Say this five times fast: strace, ptrace, dtrace, dtruss

#linux #strace #dtrace #macos

This blog post originally started off as another one of my Unix command deep dives (remember those?), where I dive into the internals of a common Linux command. I was trying to run strace to determine the system calls that were invoked by the command that I was exploring when I recalled that I was on macOS and that macOS did not have strace but instead used a tool called dtruss to track syscalls invoked during the execution of a program.

Now, I've been relatively ignorant about the distinction between strace and dtruss before. All I knew was that dtruss did what I needed it to do and I didn't much bother looking into the details of how it worked or what it was.

But today is the day to shed the cloak of ignorance, friends!

What is strace?

strace is a system call tracer and also one of the few things in tech that has a name that reasonably matches what it does. You might be familiar with strace from Julia Evans' strace zine. I think Julia's zine is a great way to learn about strace but here's my two point summary on what strace is.

System calls are an interface that allows a program to request some functionality from the operating system. These system calls do things like changing the current working directory, changing the permissions on files, and so on. You can view a full list of system calls here.
strace lists out the system calls that a program invokes as it executes.

One thing that the zine doesn't going into is how strace works under the hood. I'll dive into that here. Under the hood, strace leverages ptrace, which stands for process trace, a system call that allows a parent process to watch and control the execution of a child process. It's used in strace, but it also enables things like the gdb debugger. The ptrace system call uses some internal Linux data structures to establish a relationship between the tracer (the parent process) and the traced (the child process). Whenever a system call is invoked in the traced process, the tracer will be notified of the system call and the traced process will be temporarily stopped. At this point in time, whatever program is invoking ptrace, whether it is strace or gdb, will process the information about the system call it was notified of and then return control back to the child process. This jumping back and forth between a child process, ptrace, and a higher level program highlights one of the downfalls of strace. Because the operating system has to switch contexts between several processes repeatedly, strace is not that fast.

In summary, ptrace acts as a mediator between the running process and a higher level tool such as gdb or strace.

What is dtrace?

Now, this is where I had to do a little bit of research. The first definition I found of dtrace was on Brendan Gregg's website which defined dtrace, or I guess I can call it DTrace, as "an implementation of dynamic tracing." What is dynamic tracing? I had to do quite a bit of digging to find a resource that explained this well. In the end, I came across this article, which helped me grok what was going on.

Whereas strace relies on ptrace to introspect processes, dtrace goes about things a little bit differently. With dtrace, the programmer writes probes in a language with a C-like syntax called D. These probes define what dtrace should do when it invokes a system call, exits a function, or whatever else you'd like.
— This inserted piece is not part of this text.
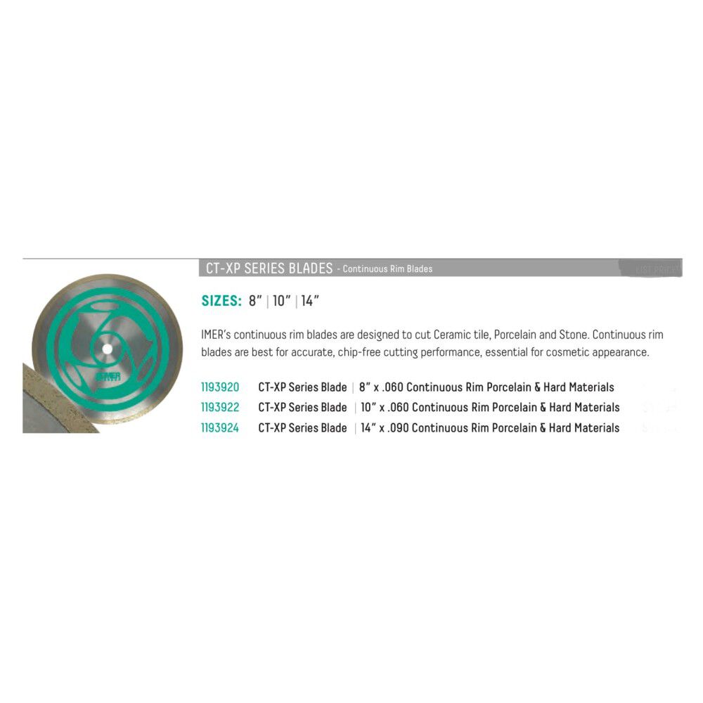 Continuous rim blades are designed to cut ceramic tile, porcelain and stone.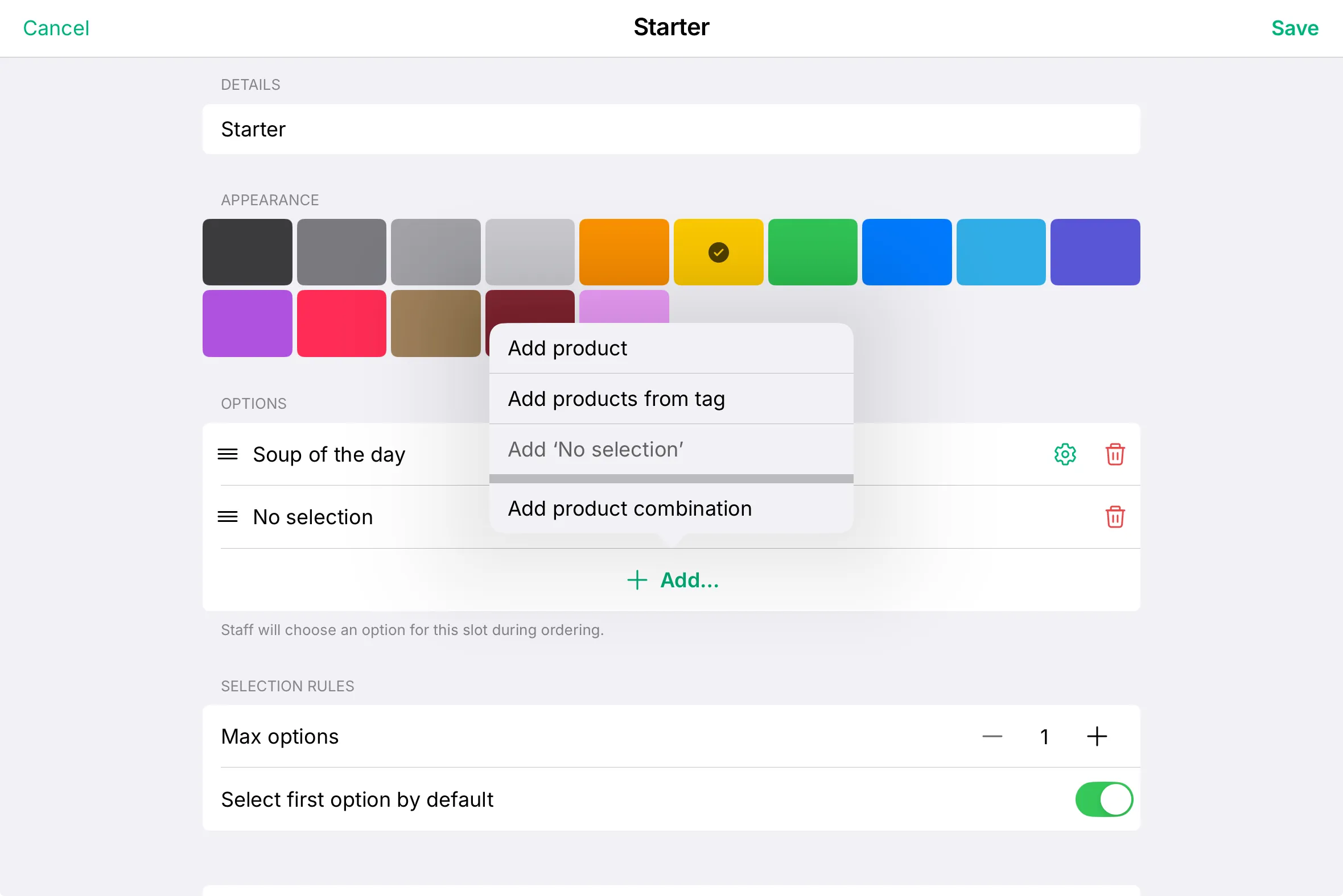 Add ‘No Selection’: use this for add-ons or items guests can skip, such as Extra cheese or Dessert. To make a slot optional, enable No selection.

These probes are stored in a script file that looks something like this.

syscall::read:entry {
    printf("read has been called.");
}

This script states that whenever the read system call is invoked, the tracer should print out the string "read has been called." The script file is then invoked with dtrace like so.

$ dtrace -s my_probe.d

dtrace then invokes the logic within the probe whenever it runs to the event outlined in that probe (entering a certain system call or exiting a function and so on). This flexibility lends DTrace its title as a dynamic tracer.

What is dtruss?

The next thing I set out to uncover was what dtruss was. The first definition I ran into was from the dtruss manpage which defined dtruss as a "a DTrace version of truss." Well, I guess I better figure out what truss is first then. As it turns out, truss is a Unix-specific command that allows the user to print out the system calls made by a program. It's essentally a varient of the strace tool that exists on Linux. Knowing this, I think the best way to describe it would be to use an analogy: strace is to dtrace as truss is to dtruss.

What other tracing tools exist?

Now, as it turns out, strace and dtrace aren't the only tools in our toolkit of tracers. My investigation eventaully led me to explore the wider world of tracers. As it turns out, Julia comes to the rescue once again. Brendan Gregg has another blog post with a list of different Linux tracers, how they work, and when you can use them. Brendan seems like quite the authority figure in this space, having published several books on tracing and written many nice blog posts. If you're interested in diving more into this, I would recommend checking out some of his blog posts.

Conclusion

Well, wasn't that a fun slide down the iceberg. It's always pretty fun when you start by posing a simple question (what is the difference between strace and DTrace) and end up discovering something much bigger (a whole new world of tracers).

What tracer do you use on a regular basis? Is there a particular tracing tool that you prefer over others?